### MATERIAL FOR THIS TASK
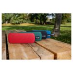 SSS 1110 NYX BLACK    IPX7 vodootporni zvučnik Vrhunski poklopac zvučnika od tkanine TWS (True Wireless Stereo) funkcija Status LED FM radio ZVUK: Maksimalna snaga zvučnika 10 W (impedancija: 4 Ω) 2 zvučnika + 1 pasivni emiter Frekvencijski odziv: 80 Hz – 16 kHz Ukupna harmonijska izobličenja: ≤ 1% ULAZI: Bluetooth Audio 5.0 Udaljenost veze do 30 m Ulazna TF kartica OSTALO: Silikonska traka za jednostavno rukovanje Handsfree funkcija Ugrađena punjiva baterija: 2.000 mAh Li-Ion Vrijeme reprodukcije do 6 sati Punjenje s mikro USB-a  Vrijeme punjenja max. 3 sata Pribor: USB kabel za punjenje, korisnički priručnik Dimenzije: 200 x 77 x 47 mm Težina: 360 g
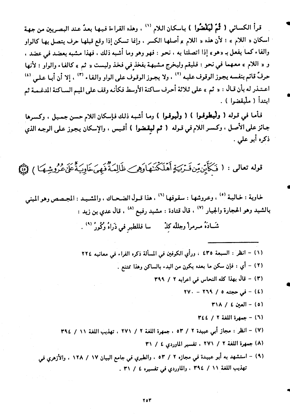 قرأ الكسائي (ثُمَّ لْيَقْضُوا) بإسكان اللام، وهذه القراءة فيها بعدٌ عند البصريين من جهة إسكان " اللام ". لأنّ هذه " اللام " أصلها الكسر، وإنما تسكن إذا وقع قبلها حرف يتصل بها كالواو والفاء كما يفعل بـ، " هو " إذا اتصلتا به. نحو: فهو وهو وما أشبه ذلك، فهذا مشبه بعضد في عضد، و (اللام) معهما في نحو: فليقم وليخرج مشبهة بفخذٍ في فخذ وليست " ثم " كالفاء والواو؛ لأنَّها حرف قائم بنفسه يجوز الوقوف عليه. ولا يجوز الوقوف على الواو والفاء، إلا أنّ أبا علي اعتذر له بأن قال: " ثم " على ثلاثة أحرف ساكنة الأوسط فكأنه وقف على الميم الساكنة المدغمة ثم ابتدأ (ملْيقضوا).
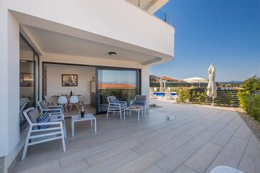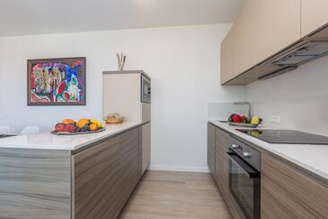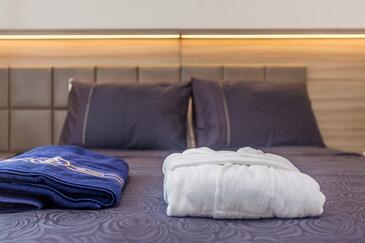 Appartamento può accogliere 6 ospiti. I letti sono disposti nelle camere da letto che sono 2, e nella camera di soggiorno, su 75m2. Gli ospiti hanno a disposizione il proprio terrazzo per godere nelle calde serate estive. Si può preparare il cibo utilizzando il barbecue comune. Durante il soggiorno gli ospiti possono utilizzare la piscina comune. Arrivati nell'unità d'alloggio i clienti devono pagare un deposito (il prezzo è indicato sul sito).
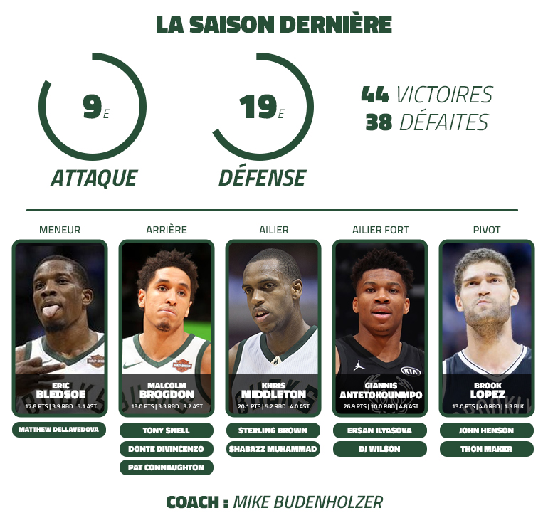 Il y a du boulot mais il y a surtout de quoi travailler. Mike Budenholzer a ainsi mis l’accent, lors de son entretien d’embauche avec ses nouveaux dirigeants, sur la volonté que “les talents se libèrent en défense”. Outre le “Greek Freak”, le coach va ainsi pouvoir s’appuyer sur le potentiel All-Star Khris Middleton et le bulldozer Eric Bledsoe, des “role players” intéressants comme Malcolm Brogdon, John Henson, Tony Snell, Thon Maker ou Matthew Dellavedova, mais aussi sur les recrues (Donte DiVincenzo, Ersan Ilyasova, Brook Lopez, Pat Connaughton), en phase avec la volonté affichée du club d’élargir le jeu.
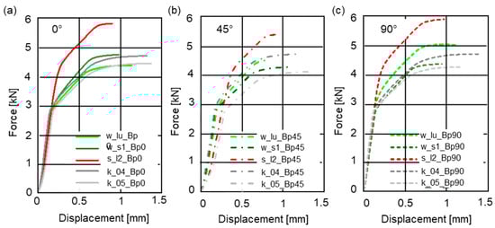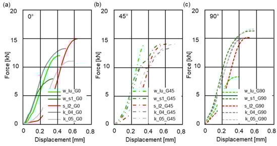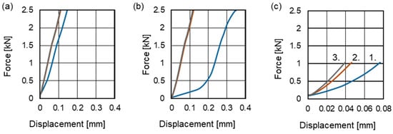 The test series was started with the tooth root bending tests in 0° orientation and the contact stiffnesses were balanced by preloads in the elastic load range. The load and termination parameters for the three tests are shown in Table 3. Figure 5 shows as an example the pre-load force–displacement curves for the samples k_04 for the tooth root (Figure 5a), the bending plate (Figure 5b), and the thread test (Figure 5c). It can be seen that from the third load onwards almost no changes in the force–displacement curve were to be expected and the test could be started. Equalisation of the stiffnesses had to be carried out after the fixture had been modified and each specimen changed. Internal specimens could only be taken after these tests have been carried out. The compression-test specimens could be used for CT scanning before their actual test.

### WHAT IS EXPECTED
Leave the images out and output the remaining material exactly as it stands.

### ANSWER AREA
 SSS 1110 NYX BLACK    IPX7 vodootporni zvučnik Vrhunski poklopac zvučnika od tkanine TWS (True Wireless Stereo) funkcija Status LED FM radio ZVUK: Maksimalna snaga zvučnika 10 W (impedancija: 4 Ω) 2 zvučnika + 1 pasivni emiter Frekvencijski odziv: 80 Hz – 16 kHz Ukupna harmonijska izobličenja: ≤ 1% ULAZI: Bluetooth Audio 5.0 Udaljenost veze do 30 m Ulazna TF kartica OSTALO: Silikonska traka za jednostavno rukovanje Handsfree funkcija Ugrađena punjiva baterija: 2.000 mAh Li-Ion Vrijeme reprodukcije do 6 sati Punjenje s mikro USB-a  Vrijeme punjenja max. 3 sata Pribor: USB kabel za punjenje, korisnički priručnik Dimenzije: 200 x 77 x 47 mm Težina: 360 g
 قرأ الكسائي (ثُمَّ لْيَقْضُوا) بإسكان اللام، وهذه القراءة فيها بعدٌ عند البصريين من جهة إسكان " اللام ". لأنّ هذه " اللام " أصلها الكسر، وإنما تسكن إذا وقع قبلها حرف يتصل بها كالواو والفاء كما يفعل بـ، " هو " إذا اتصلتا به. نحو: فهو وهو وما أشبه ذلك، فهذا مشبه بعضد في عضد، و (اللام) معهما في نحو: فليقم وليخرج مشبهة بفخذٍ في فخذ وليست " ثم " كالفاء والواو؛ لأنَّها حرف قائم بنفسه يجوز الوقوف عليه. ولا يجوز الوقوف على الواو والفاء، إلا أنّ أبا علي اعتذر له بأن قال: " ثم " على ثلاثة أحرف ساكنة الأوسط فكأنه وقف على الميم الساكنة المدغمة ثم ابتدأ (ملْيقضوا).
 Appartamento può accogliere 6 ospiti. I letti sono disposti nelle camere da letto che sono 2, e nella camera di soggiorno, su 75m2. Gli ospiti hanno a disposizione il proprio terrazzo per godere nelle calde serate estive. Si può preparare il cibo utilizzando il barbecue comune. Durante il soggiorno gli ospiti possono utilizzare la piscina comune. Arrivati nell'unità d'alloggio i clienti devono pagare un deposito (il prezzo è indicato sul sito).
 Il y a du boulot mais il y a surtout de quoi travailler. Mike Budenholzer a ainsi mis l’accent, lors de son entretien d’embauche avec ses nouveaux dirigeants, sur la volonté que “les talents se libèrent en défense”. Outre le “Greek Freak”, le coach va ainsi pouvoir s’appuyer sur le potentiel All-Star Khris Middleton et le bulldozer Eric Bledsoe, des “role players” intéressants comme Malcolm Brogdon, John Henson, Tony Snell, Thon Maker ou Matthew Dellavedova, mais aussi sur les recrues (Donte DiVincenzo, Ersan Ilyasova, Brook Lopez, Pat Connaughton), en phase avec la volonté affichée du club d’élargir le jeu.
 The test series was started with the tooth root bending tests in 0° orientation and the contact stiffnesses were balanced by preloads in the elastic load range. The load and termination parameters for the three tests are shown in Table 3. Figure 5 shows as an example the pre-load force–displacement curves for the samples k_04 for the tooth root (Figure 5a), the bending plate (Figure 5b), and the thread test (Figure 5c). It can be seen that from the third load onwards almost no changes in the force–displacement curve were to be expected and the test could be started. Equalisation of the stiffnesses had to be carried out after the fixture had been modified and each specimen changed. Internal specimens could only be taken after these tests have been carried out. The compression-test specimens could be used for CT scanning before their actual test.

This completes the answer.